TORONTO -- The City of Toronto is officially partnering with a volunteer group that helps people navigate Ontario’s increasingly complicated COVID-19 vaccination rollout to connect them with opportunities for shots.
Toronto will provide daily vaccine availability information to Vaccine Hunters Canada, a volunteer group that uses social media alerts and a website to document where people can go to get a coronavirus vaccine across the country.
The city says it will provide data about open slots for vaccines at its 10 mass vaccination centres.
As of Wednesday, only two of its sites, Toronto Congress Centre and Cloverdale Mall, have any open slots, but more appointments will be available by May 10 at all 10 sites.
“This is a huge, all hands-on deck effort and Vaccine Hunters Canada have stepped up to help people get vaccinated and navigate the different registration systems. We are excited to work with Vaccine Hunters to help get more people vaccinated,” Toronto Mayor John Tory said in a statement released Tuesday.
He told CP24 the partnership is active already.
"As time goes forward at the end of the day each day, the city will forward to Vaccine Hunters a lits of the available appointments so people will be able to go on vaccine hunters and see where they qualify."
The volunteer group said it was happy to be officially joining with a municipality to help people secure shots.
“This is a new phase for our organization, and we are excited to increase our efforts to collaborate with public health units across the province,” Vaccine Hunters Canada spokesperson Joshua Kalpin said.
Ontario’s existing COVID-19 vaccine regime involves a number of entities offering shots to different groups of people all at once, using varying means of registration and with eligibility criteria changing by the day and sometimes without warning.
Under the current process, some of Ontario’s 34 public health units use a central, Ontario government-built online vaccine booking portal and call centre, while others use their own.
For appointments in pharmacies using the AstraZeneca vaccine, people have to book online directly with the pharmacy, call in, or simply walk in if shots are available at that particular location.
Municipally-run mass vaccination sites offer shots by appointment only based on age, which can vary depending on the postal code you live based on its rate of infection per capita.

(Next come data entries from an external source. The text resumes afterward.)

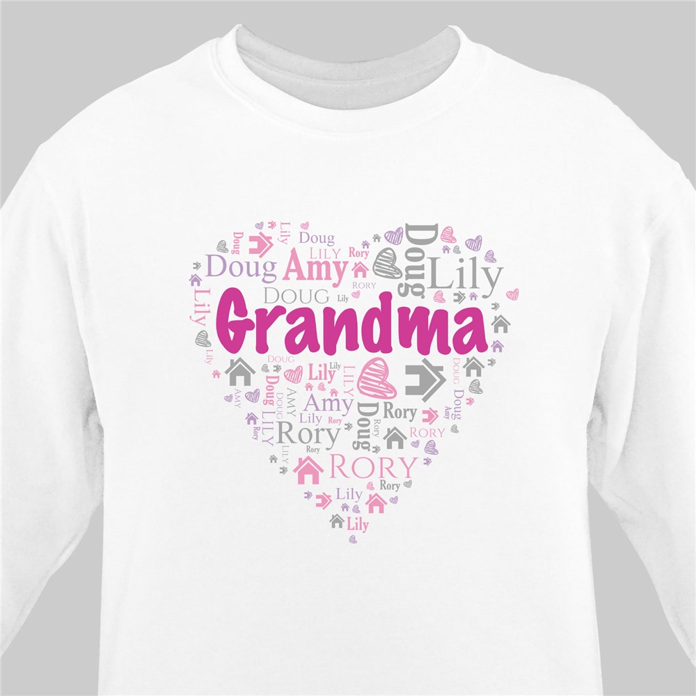 Show Grandma how much her family loves her by giving her a personalized Grandma sweatshirt this Mother's Day! Each one of her loving family members will be featured in a loving heart design created using our word art tool.
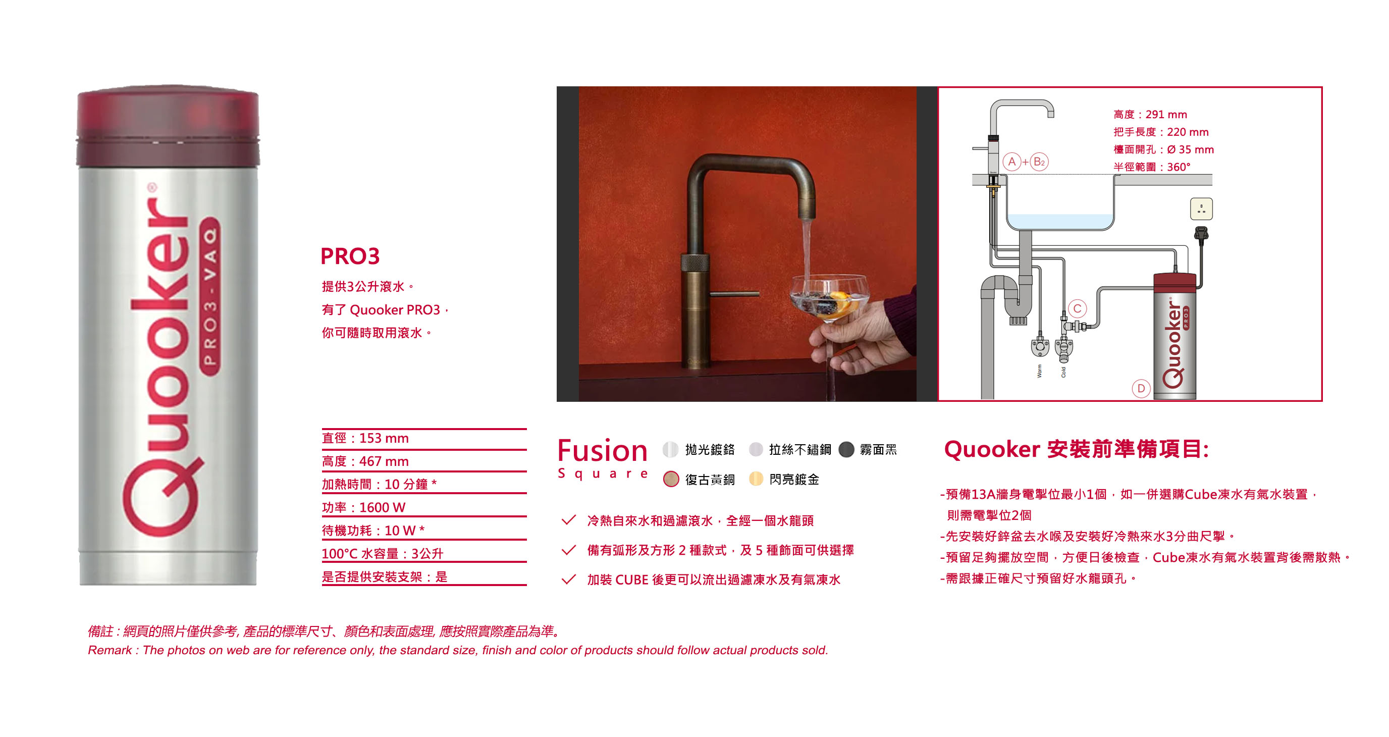PRO3+Fusion Square - (3公升100度熱水+拉絲不銹鋼)
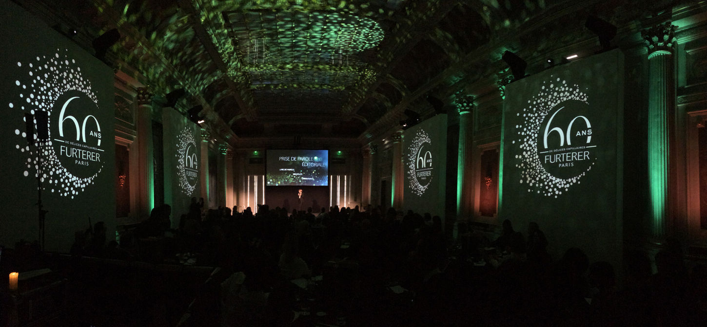 Une fois transformée, la salle de Bal Belle Epoque de l'Hôtel du Palais est méconnaissable… les projections encerclent les participants, les tableaux lumineux offrent un cocon de verdure dans lequel il est doux de se laisser aller...
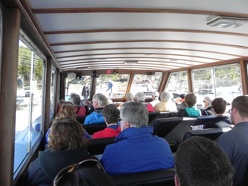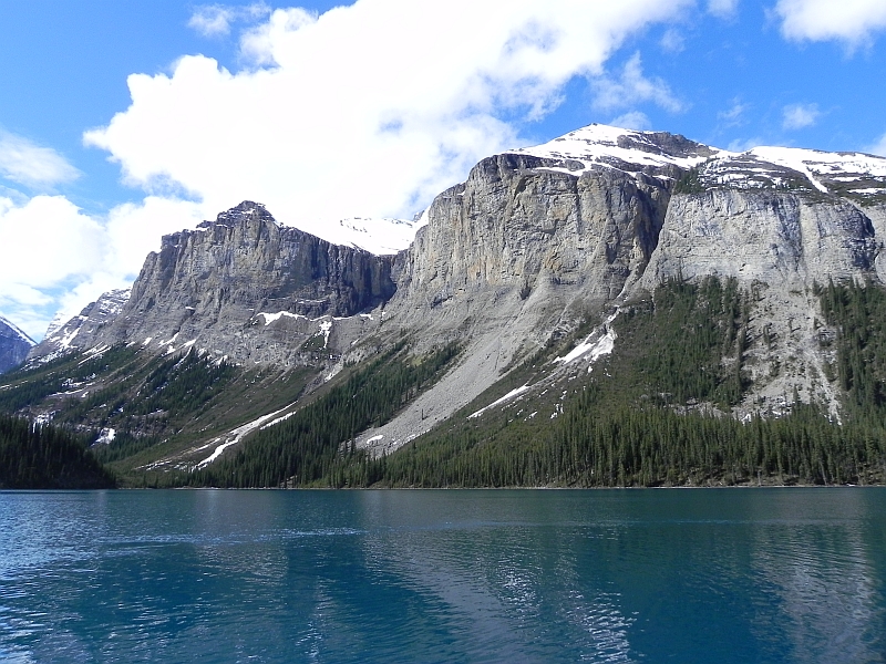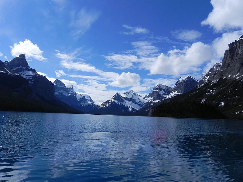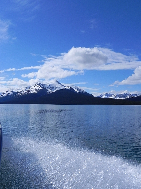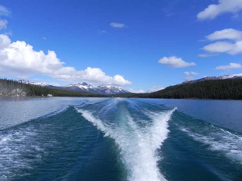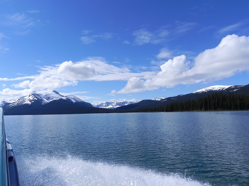 Nach dieser kleinen Runde (3 km) sind wir dann zum Bootsanleger gegangen, von wo aus Sightseeing-Trips über den Maligne Lake starten und weil so gutes Wetter war, haben wir uns zwei der letzten Plätze ergattert. Mit uns an Bord: 3 Japaner, 4 Amis, 2 Schweizer und eine Busladung voller australischer Rentner.
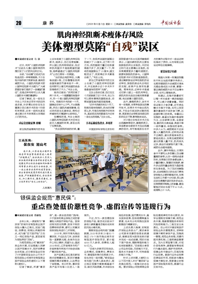她向记者说:“我同时做了两个手术,一个是腰腹的抽脂手术,另一个是小腿肌肉神经阻断手术。刚做完手术的前一个月,腿确实没有什么力气,不太敢跑跳,然后小腿肌肉感觉酸痛,经过我和医生反复核实,得知这种感觉和打瘦腿针比较相似。”
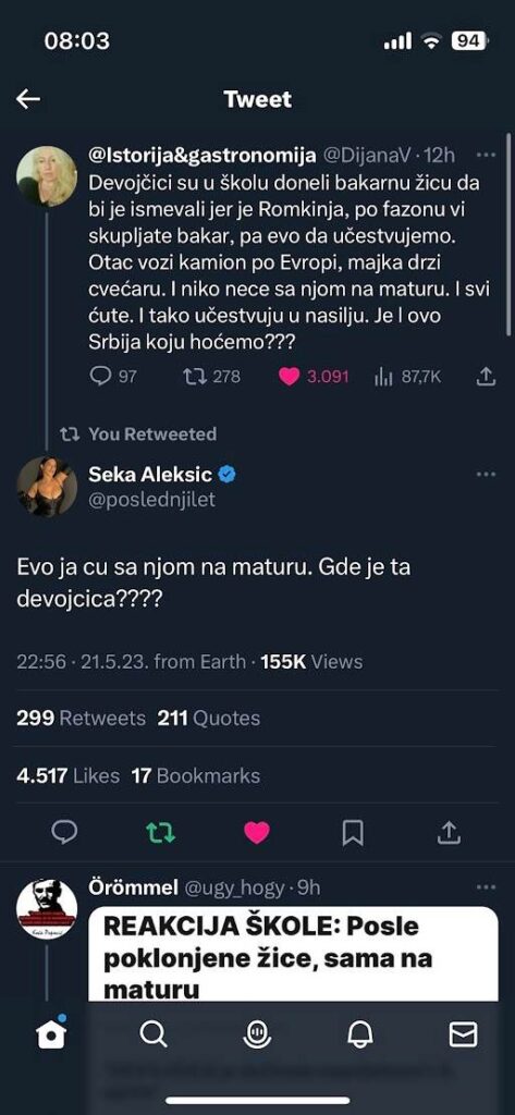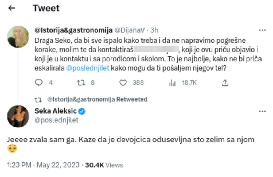 Reakcija popularne pevačice Seke Aleksić na ovu situaciju oduševila je celu naciju. Ona je javno izjavila da će ona biti pratnja devojčici na maturskom balu, a zatim je započela potragu za informacijama o devojčici kako bi mogla stupiti u kontakt s njom. Seka je sada otkrila jednoj korisnici na Twitteru da je uspela da stupi u kontakt s osobom koja je prva podelila priču, i da je devojčica oduševljena saznanjem da će joj Seka praviti društvo na maturi.

They also offer shots to pregnant women, education workers, and healthcare workers grouped into three tiers of priority.
In some public health units, a limited number of primary-care physicians have been given shots to give out to their highest-risk patients.
Other avenues for vaccination involve hospital-run clinics and “pop-up” vaccination sites targeting all adults living in the highest-risk postal codes.
On Wednesday, there are four walk-in only sites operating in Scarborough in the M1L, M1G and M1J postal codes, offering a combined total of 5,100 shots.
There are also pop-up sites operating at Downsview Arena in North York and Albion Arena in Etobicoke.
There are two pop-ups at large mosques in Brampton and Mississauga today, but both required appointments and are fully booked.
Select large employers are hosting on site vaccination clinics, but they are not widely publicized in advance.
Other clinics have targeted residents of large apartment towers where infections have occurred, or specific vulnerable populations such as refugees.
Premier Doug Ford and Health Minister Christine Elliott have denied there is any confusion around vaccine registration, saying the fact that 4.7 million people have received their shots so far means there was no confusion.
But the new head of the vaccine rollout task force, ORNGE CEO Dr. Homer Tien, told people in a webinar recently that he would prefer if there was one single portal covering all COVID-19 vaccine booking requirements and advisories about all walk-in opportunities for shots.